Justice of the New York Supreme Court
- In office 1907–1928

United States Attorney for the Western District of New York
- In office 1900–1906
- President: William McKinley Theodore Roosevelt
- Preceded by: Position created
- Succeeded by: Lyman M. Bass

United States Attorney for the Northern District of New York
- In office 1899–1900
- Preceded by: Emory P. Close
- Succeeded by: George B. Curtiss

Personal details
- Born: Charles Hiram Brown July 20, 1858 West Winfield, New York, U.S.
- Died: January 6, 1933 (aged 75)

= Charles H. Brown (New York judge) =

American judge

Charles Hiram Brown (July 20, 1858 – January 6, 1933) was an American lawyer and judge from New York.

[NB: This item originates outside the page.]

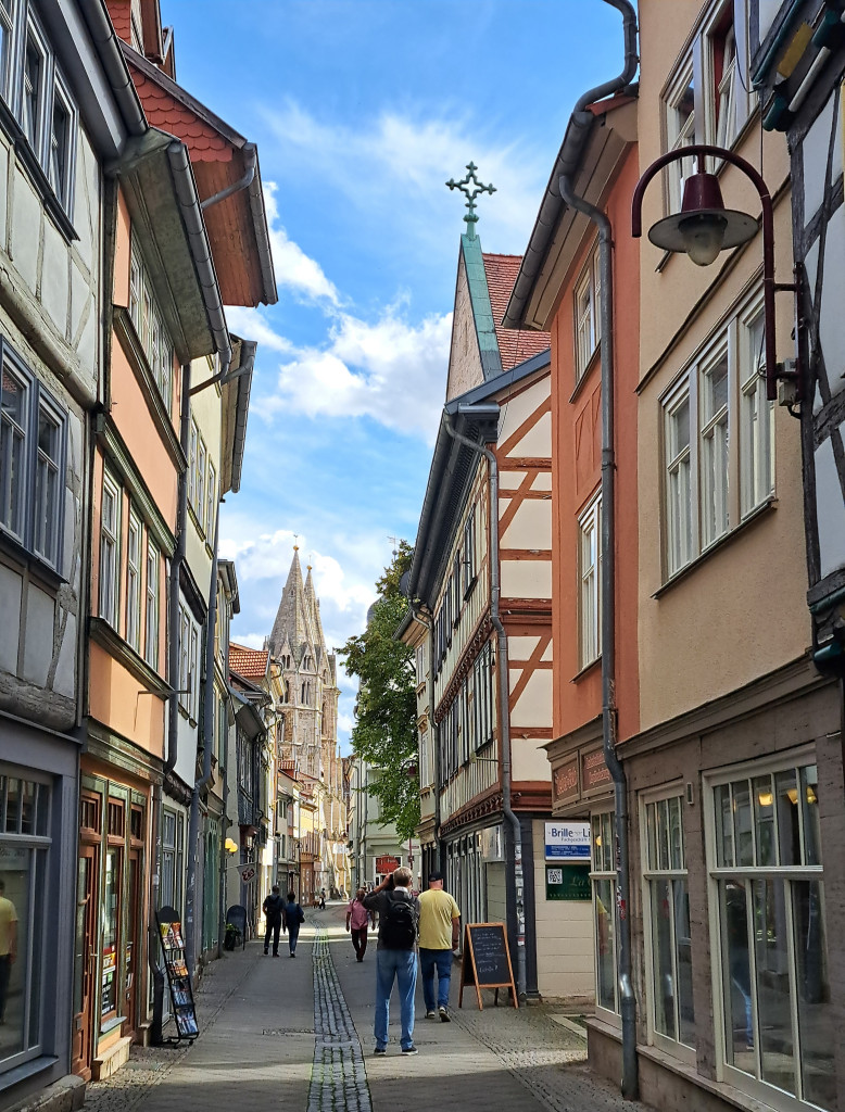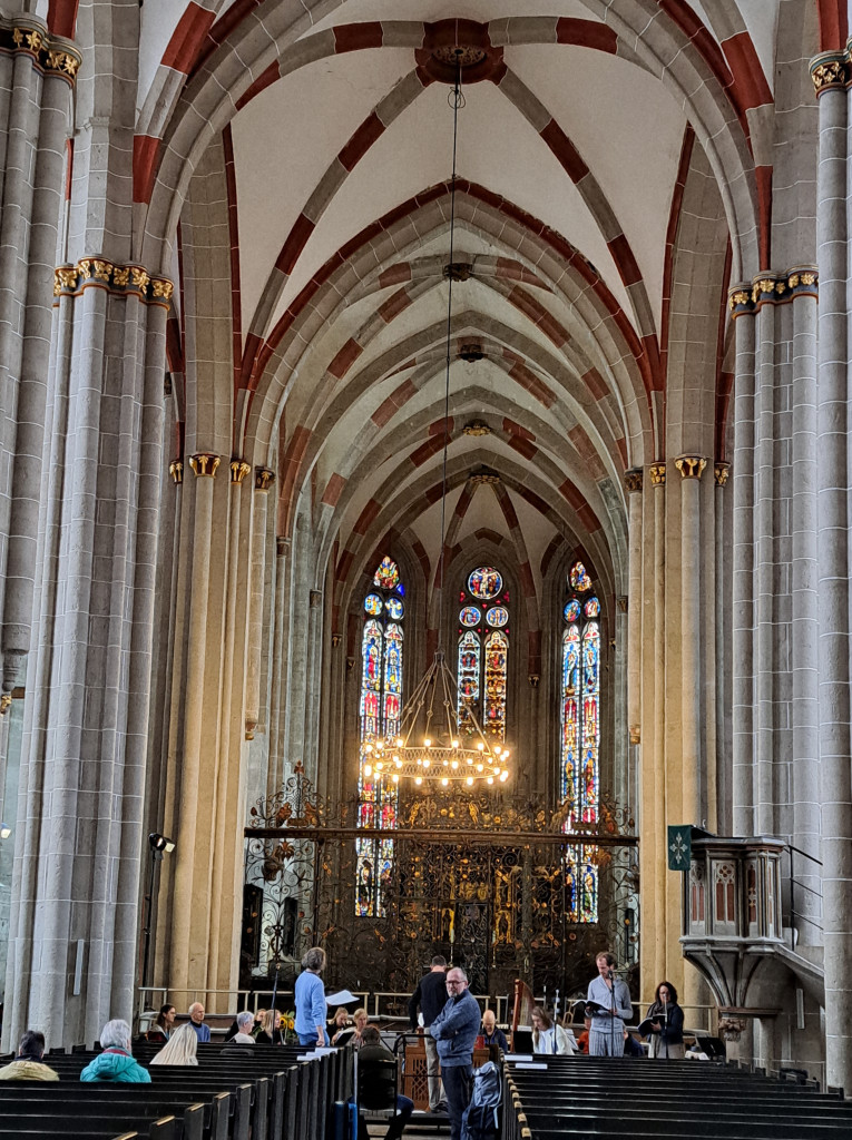 Bei einem kurzen Bummel durch die Altstadt kamen wir zur Divi-Blasii-Kirche, eine Kirche mit romanischem und gotischem Anteil, die nach wie vor als Kirche genutzt wird. Hier wurde gerade für die bevorstehende Uraufführung des Thomas-Müntzer-Oratoriums von Keno Hankel (Komposition) und Andreas Hillger (Libretto) geprobt.

== Early life and education ==
Brown was born on July 20, 1858, in West Winfield, New York, the son of merchant-miller Hiram Clark Brown and Alice Ann Stuart. He was a descendant of Mayflower passenger Peter Browne.

Brown attended the West Winfield Academy. He was apprenticed in the printing trade when he was 12, working in the trade until 1875. That year, he went to the Hungerford Collegiate Institute in Adams. He graduated from there in 1877. He also taught in school for one term. In 1878, he began studying law in the office of Mills, Palmer & Morgan in Little Falls. He was admitted to the state bar in 1880, and in 1881 he opened a law office in Richburg.

== Career ==
Brown was an active member of the Republican Party, serving as Chairman of the Republican County Committee. He was town supervisor of Bolivar in 1888 and 1889. In 1889, he was elected District Attorney of Allegany County. He was re-elected to the office in 1892 and 1895. In 1891, he moved to Belmont, then one of the two county seats, and managed to have Belmont declared the sole county seat.

Brown was assistant United States attorney for the Northern District of New York from 1897 to 1898. He then served as United States attorney, first for the Northern District of New York then for the Western District of New York. He served as a justice on the New York Supreme Court from 1907 to 1928.

== Personal life ==
Brown was warden of his local Episcopal Church. He was a member of the Freemasons, the Royal Arch Masonry, the Knights Templar, and the Shriners. In 1881, he married Alice C. Smith of Adams. They had two children, Charles H. Jr. and Harold Stuart. Harold worked as a lawyer in Buffalo as part of the law firm Locke, Babcock, Hollister & Brown.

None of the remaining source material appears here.